Mott has never been afraid of fire. The pulses of water that course through him, that connect him intrinsically to the element, always keep him safe in the face of rising flames. He's grown a sense of numbness to the heat, a nonchalant arrogance. He deluded himself into thinking no amount of fire could ever truly hurt him.

But now, as Zekrom's inferno rages around him, Mott feels the flames of fear burn through him. For the first time in his life, he's forced to confront the possibility of burning alive—and it reintroduces him to terror he's long ignored.

Every nerve in his body is alight with near hysteria, screaming at him to run, run, run—but where? The hall that connects the library and museum is blocked off, wooden beams having fallen in the way. The windows aren't big enough for him to fit through. The wall Zekrom blasted down is his only option—and that's not much of an option at all. In the gaping maw of the wall, Zekrom looms. Its red eyes burn into him, watching, waiting. It's waiting for him to make the first move.

But he can't move. His legs are rooted to the floor, his muscles are locked. The intense blaze rages all around him like a cage, trapping him, suffocating him.

The building is on fire, he panics, dumbed by shock, unable to think of anything but the obvious, immediate danger, and we're stuck inside it.

A rough, wheezing cough grates beside him. He turns.

We're stuck inside it.

It's not just Mott who's stuck in here, no. Lenny is.

The room is so hot, unbearably hot, hotter than the smoldering wreckage of Sapphire City. It's so hot he can't even sweat, every fluid in his body is steamed away. It's so hot that he can see Lenny's body drying out, he can see the way flickering flames try to jump to his parched skin.

The fire is all-consuming, swirling around them like a furious storm. Flames shoot up bookshelves like wicks; the smell of burning paper chokes him. Any books they wanted to preserve are long gone, now. It won't be long before Lenny is in the same state.

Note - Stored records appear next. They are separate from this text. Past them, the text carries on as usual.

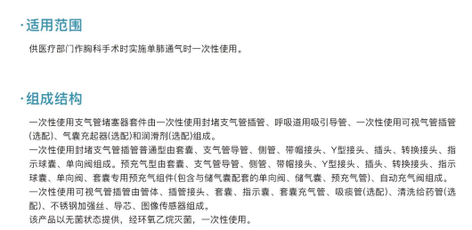 一次性使用支氣管堵塞器套件由一次性使用封堵支氣管插管、呼吸道用吸引導(dǎo)管、一次性使用可視氣管插管(選配)、氣囊充起器(選配)和潤滑劑(選配)組成。產(chǎn)品供醫(yī)療部門作胸科手術(shù)時(shí)實(shí)施單肺通氣時(shí)一次性使用。
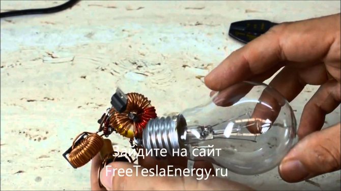 Un consommateur d'énergie est connecté au circuit et plus la bobine de Tesla fonctionne efficacement, plus le courant dans le circuit est élevé, plus les consommateurs de courant peuvent être connectés au système (ou plus puissants).
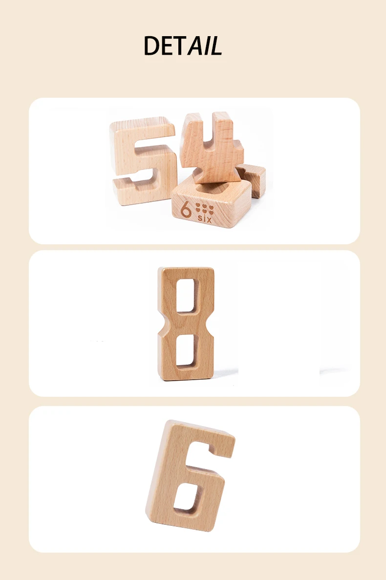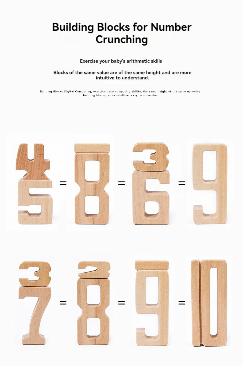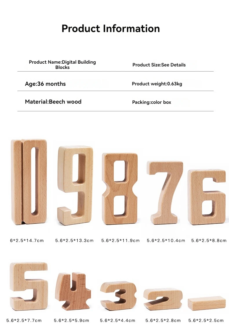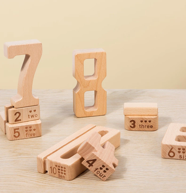 Early Education Montessori Beech Wood Digital Building Blocks Kindergarten Mathematics Teaching Tools
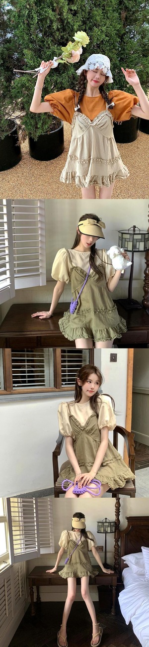 色:ベージュサスペンダースカート,緑のドレス,ベージュトップ,オレンジトップ
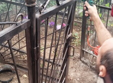Фотоотчет далее позволит проследить за очередностью работ. Первым делом мы установили крест и восстановили целостность ограды.
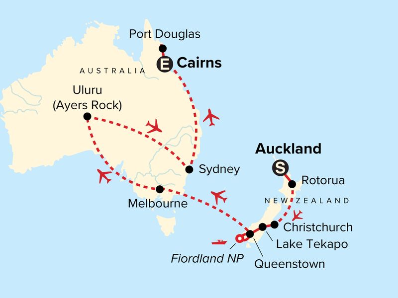 Your Welcome Moment: Welcome Moment - Meet Your Expedition Leader and Group. Waiheke Island Wineries. Waitomo Caves tour. Kohutapu Local Maori Community Initiative. National Kiwi Hatchery. Scenic TranzAlpine train. Sir Edmund Hillary Alpine Centre. Aoraki Mount Cook Kea Point Trek. Free time in Wanaka and Arrowtown. Wilderness day cruise in Fiordland National Park. Free time in Queenstown. Internal flight. All transport between destinations and to/from included activities. Melbourne Foodie Experience. Sunrise interpretive walk at Uluru. Sydney Harbour dinner cruise. Indigenous Peoples Interpretive Walk in the Daintree Forest. Great Barrier Reef Excursion. Exclusive Indigenous experience at Cooya Beach. Internal flights. All transport between destinations and to/from included activities.

"We have to get out of here," he rasps, the words tearing at the rawness in his throat. His eyes land on the hall that leads to the museum. If he can put out the flames there for just a second, he might be able to shove his way through the embers. Lenny can slip out through one of these windows; they can regroup.

A stack of books beside Lenny burst into flames. The sparks nearly catch onto Lenny, and the possibility of him being swallowed whole suddenly seems much more real. "Go out the window, now!"

Lenny has a hand over his mouth, his eyes squinting against the sting of the thick smoke. Shaking his head, he protests, "Not without you!"

"I'll escape!" He promises, voice cracking from dehydration. "Just go—"

Zekrom decides it's done waiting. A bolt of lightning strikes the ground between them, blasting his eardrums and charging the air with volatile energy. New flames spark from the struck carpet, ripping across the room and dividing them.

"Mott!" Lenny cries, reaching a hand out just before the wall of flames rushes upward.

"Lenny!" He shouts, hoarse and desperate as the fire conceals them from each other. His heart pounds. His breath comes short; it's impossible to breathe with all this heat and smoke and electricity, and he stumbles to the side when one of his legs nearly gives out. Over the blaze between them, he calls, "Lenny!"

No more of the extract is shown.